Mahasiswa USK Lolos Semifinal Kompetisi Business Plan Internasional

Mahasiswa Universitas Syiah Kuala (USK) berhasil lolos ke babak semifinal pada kompetisi business plan tingkat internasional yang berlokasi di Lisbon, Portugal.

Hult Prize International Competition, yaitu kompetisi bisnis terbesar tingkat dunia, yang di bawahi langsung oleh Perserikatan Bangsa Bangsa (PBB) untuk mengumpulkan ide-ide dari mahasiswa di seluruh dunia dengan tema yang berbeda-beda setiap tahunnya. Pada tahun ini, memiliki tema “Redesigning Fashion, Launch an innovative social venture in the clothing and fashion industry to make it more sustainable.” atau menginovasikan busana, untuk mencapai target-target United Nations Sustainable Development Goals (UN SDGs).

Kegiatan ini diikuti oleh 3 orang mahasiswa FKG USK yaitu Galuh Satwika Paramita, Deffan Derrico, dan Mohd Fakhriza Naufal dan 1 orang peserta dari FEB USK yakni Muhammad Raiyan Fajri.

Biscateam didampingi oleh mentor kewirausahaan drg. Teuku Ahmad Arbi, Sp.BM (K) dan Fitrah Afandi, S.E, M.Si dan pembimbing penelitian Dr. dr. Nurjannah, MPH., Ph.D, Sp. KKLP dan drg. Diana Setya Ningsih, M.Si.

Biscateam memiliki kesempatan untuk mewakili USK pada tahap Regional Summit setelah bersaing melalui website resmi Hult Prize yang dibuka pada tanggal 8 Maret 2023. Setelah runtutan berbagai tahap seleksi kompetisi yang panjang dengan lebih dari 200.000 pendaftar yang mewakili 3.000+ institusi pendidikan tinggi dari 100+ negara, Biscateam terpilih menjadi salah satu dari 700 peserta yang akan lanjut ke tahap Summit Competition yg tersebar di 12 kota di seluruh dunia.
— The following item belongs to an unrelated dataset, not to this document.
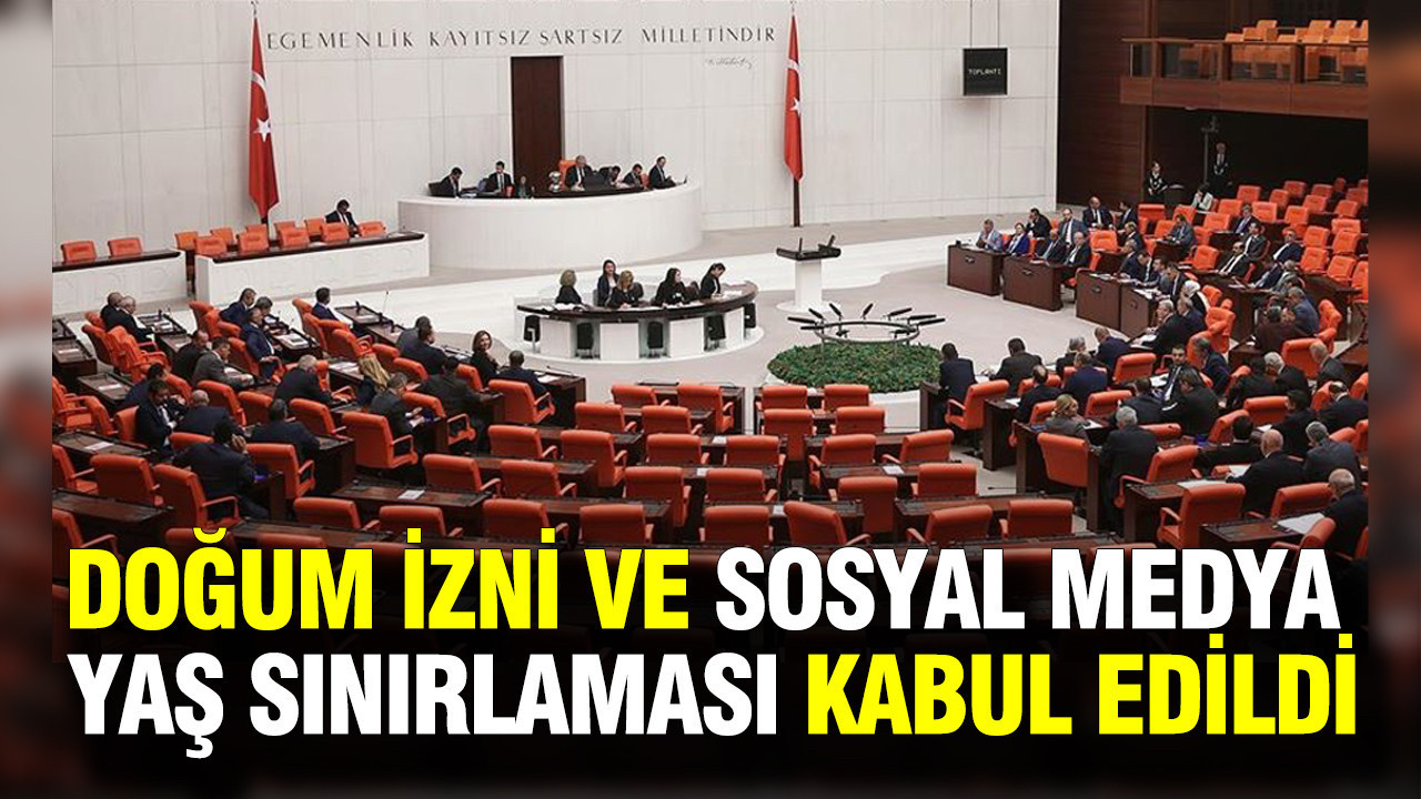 Meclis Başkanvekili Celal Adan başkanlığında toplanan TBMM Genel Kurulu, sosyal medyanın 15 yaş altına engellenmesi ve kadınların doğum izninin 16 haftadan toplam 24 haftaya çıkarılmasına ilişkin düzenlemeleri içeren Sosyal Hizmetler Kanunu ve Bazı Kanunlarda Değişiklik Yapılması Hakkında Kanun Teklifi'nin ikinci bölümünde yer alan maddelerin görüşmelerine devam ediyor.

Biscateam terpilih untuk bersaing dengan 49 tim dari beberapa kota di berbagai negara, seperi Paris, Oxford, London, Zurich, Rotterdam, Mexico, Wina, Kairo, Ankara, Brasilia, Berkley, Beirut, Taipei, dan lain-lain yang akan melakukan presentasi di hadapan dewan juri dan investor pada tanggal 23 – 25 Juni yang berlokasi di ISEG |Lisbon School of Economics and Management.

Jika berhasil lolos pada babak semifinal ini, maka Biscateam akan melanjutkan ke tahap selanjutnya dan akan mendapatkan pelatihan bisnis selama satu bulan yang berlokasi di Boston, Amerika Serikat (A.S.).

Selanjutnya Grand Final akan diselenggarakan di Paris.

Para pemenang Hult Prize akan mendapatkan pendanaan dan bimbingan dari pengusaha yang berpengalaman untuk mewujudkan ide bisnis mereka di negara asal.

Biscateam sendiri membawakan bisnis Cloture (Cloth Nappy Culture), yaitu sebuah inovasi Clodi (Cloth Diapers) bermotif batik dengan modifikasi fashion yang trendi. Clodi ini memiliki absorben dari serat nanas dan serabut kelapa serta dilengkapi indikator dehidrasi dini pada anak.

Biscateam meyakini bahwa dengan mengembangkan produk ini, dapat mengurangi jumlah limbah kain dan limbah popok bayi sekali pakai (diaper) serta menyejahterakan para petani nanas dan kelapa di Indonesia.

Setelah melakukan penelitian produk, persiapan materi hingga latihan pitching selama beberapa bulan, Biscateam berharap dapat mengharumkan nama Indonesia, khususnya Universiats Syiah Kuala di Kancah Internasional.